The first patient arrived at the clinic at age 3 with severe growth retardation and recurrent febrile seizures. Her development in terms of movement and speaking occurred at a normal pace, but she had her first febrile seizure at nine months of age, experiencing a total of five episodes. All the seizures went away on their own and didn’t require treatment. During her initial consultation, other reported abnormalities included a smaller than usual pituitary gland (a gland which regulates most hormones in the body), and mild immunodeficiency. The second patient arrived at the clinic at age 2, also with major growth delay. This patient’s developmental milestones were severely delayed – she could not yet sit, stand, or speak. However, unlike the first patient, she had a perfectly functioning immune system.

 

Genetic testing was performed on both patients, finding mutations in the CSNK2A1 gene.

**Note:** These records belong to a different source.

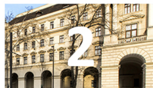
Link 2 1920x1080
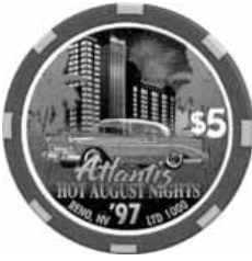
Hot August Nights 1997
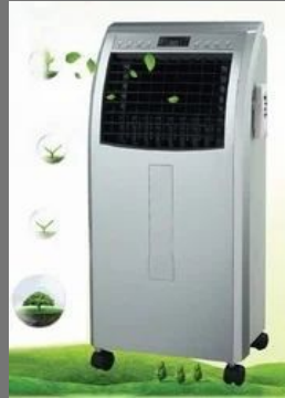
Solar DC Air Coolers
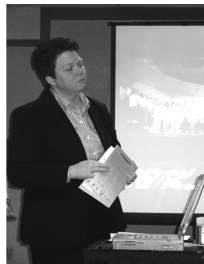
Troy District Administrator praises Miami-Shelby

been avoided, had their chapter officers complied with the published rules.
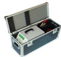
Voltage sense cables
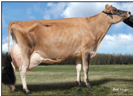
Gabys latola Pearl-ET, E-91% 5-1 305 27,200 4.5% 1,229 3.4% 916 Sold in the 2006 Kentucky National Sale

Each patient had a different mutation, with the first patient having p.H160R, while the second had p.R80C. Both mutations were predicted to be the major cause of their symptoms. A full search of the OCNDS literature revealed 35 patients with detailed workups. The authors tried to link specific mutations found in CSNK2A1 to specific manifestations of OCNDS. The only connection they were able to find was mutations in a specific domain of the CSNK2A1 gene known as the “ATP/GTP binding-loop" were more likely to lead to multi-organ abnormalities, although these symptoms weren’t necessarily more severe. This study further illustrates the wide variety of manifestations of OCNDS and confirms the lack of a strong correlation between what mutation a patient has with their symptoms.